Но потом пришло письмо. Адрес на конверте был написан его рукой, и новая надежда, ослепительная и невозможная, взорвалась у нее в душе, когда она увидела эти почти квадратные буквы, начертанные четко и твердо, без наклона; поэтому таким немыслимым ужасом ударила ее первая строчка на хрустящем листке, который она неповинующимися пальцами вытащила из разорванного наискось конверта: «Любимая, это письмо ты получишь, когда меня не будет в живых…»
Она лежала сейчас в пустой барачной комнате, пропахшей дезинфекцией и каменноугольным дымом, и продолжала свой безысходный спор с мертвым. Неужели прав этот циничный мальчишка Гейм? Эрих, ведь ровно ничего не дала твоя гибель, гибель твоих товарищей, ведь действительно бессмысленной оказалась ваша жертва!
«Бессмысленных жертв нет, — возражали ей строчки, начертанные прямым уверенным почерком, — всякая жертва имеет смысл, даже если он не виден современникам. Сейчас, примирившись с мыслью, что завтра я могу умереть и что, более того, нам даже не удастся осуществить задуманное, я не сожалею ни о чем. Кроме горя, которое моя смерть причинит тебе. Прости меня за это, любимая, иначе я не мог…»
Но почему, почему? Боже мой, почему «не мог» — какая в этом логика, какой смысл? Какая, наконец, польза, если всякий раз гибнут лучшие из лучших, оставляя место трусам, приспособленцам, самому ничтожному человеческому отребью! Как могла тебе прийти в голову эта мысль, мой любимый, эта нелепая убежденность, что ты «не можешь» — чего? Жить? Работать? Любить? Ведь этот ужас скоро кончится, Эрих, ну что тебе стоило — еще несколько месяцев, и все будет по-другому, — почему, почему ты не захотел дождаться…

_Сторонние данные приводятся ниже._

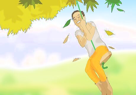 Make a rope swing and hang it from a tree. Get mom or dad to check that it is hanging safely, or to hang it for you. Then start swinging away on the rope. Be sure to use only the strongest boughs to hand the rope swing from.

Утром та же неутомимая Гудрун принесла Людмиле несколько формуляров, помогла правильно их заполнить и сказала, что теперь все это нужно отнести к фрау Крумхоф, инспектору эн-эс-фау.
— Может быть, вы могли бы при случае сами их передать? — спросила Людмила, пытаясь избежать лишней встречи с властями. — Мне просто неудобно отнимать у нее время такими пустяками…
— Я бы с удовольствием, — ответила Гудрун, — но фрау инспектор велела, чтобы вы обязательно пришли сами.
— А, ну хорошо, — небрежно сказала Людмила, почувствовав укол беспокойства. — Не совсем понимаю, правда, зачем я ей понадобилась…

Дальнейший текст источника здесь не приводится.